Keywords: forecasting, machine learning, data science, capacity planning, change points
Salesforce is a cloud-based enterprise software platform that supports a wide variety of customer use cases, from managing corporate sales teams to call centers. To support our diverse and growing customer base, Salesforce spends billions of dollars to build and operate first-party data centers and public cloud resources across the world. Since our customers' data is often business critical, it is imperative that our global infrastructure is always available.

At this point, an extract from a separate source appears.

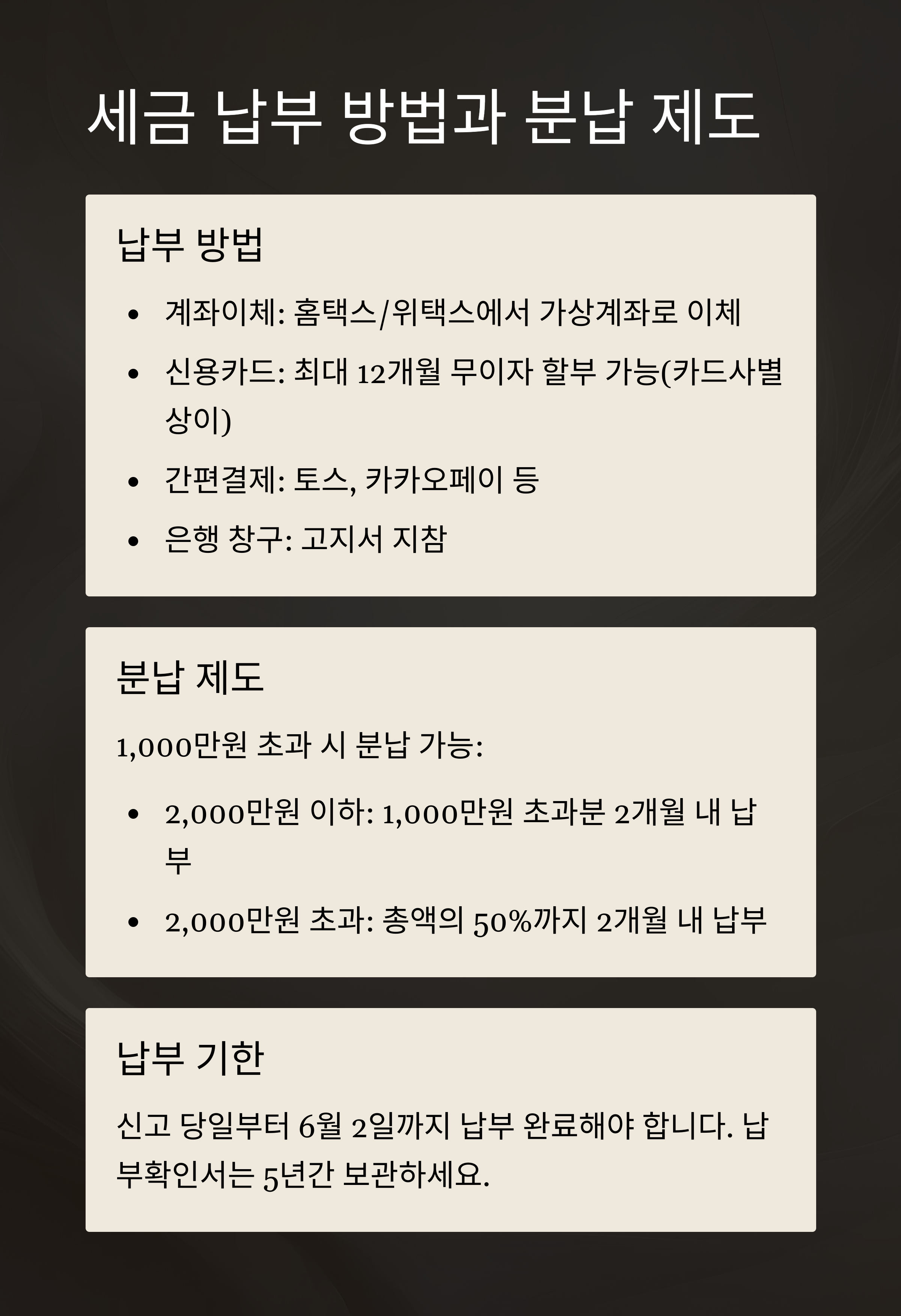 • 2,000만원 초과: 총액의 50%까지 2개월 내 납부

In this presentation, we will share how the Salesforce infrastructure analytics team handles forecasting at scale in a multi-tenant infrastructure environment that is constantly growing and changing as our customers' workloads evolve. It as though you are flying in a Boeing 777 and mid-flight chairs are thrown out the window or a group of passengers with heavy luggages decides to join or a wing is removed, and you try to predict the flight direction or anticipate incidents or flight degradations. We thus need a forecasting system that can predict certain key metrics within the next year while readjusting for sudden changes.
Our capacity bottleneck metrics are diverse with different type of seasonalities or no seasonality, and often have changes in their growth trajectory. We forecast system metrics such as App and DB CPU Utilization, Storage, proxies for SAN IO, Customer Traffic, among others.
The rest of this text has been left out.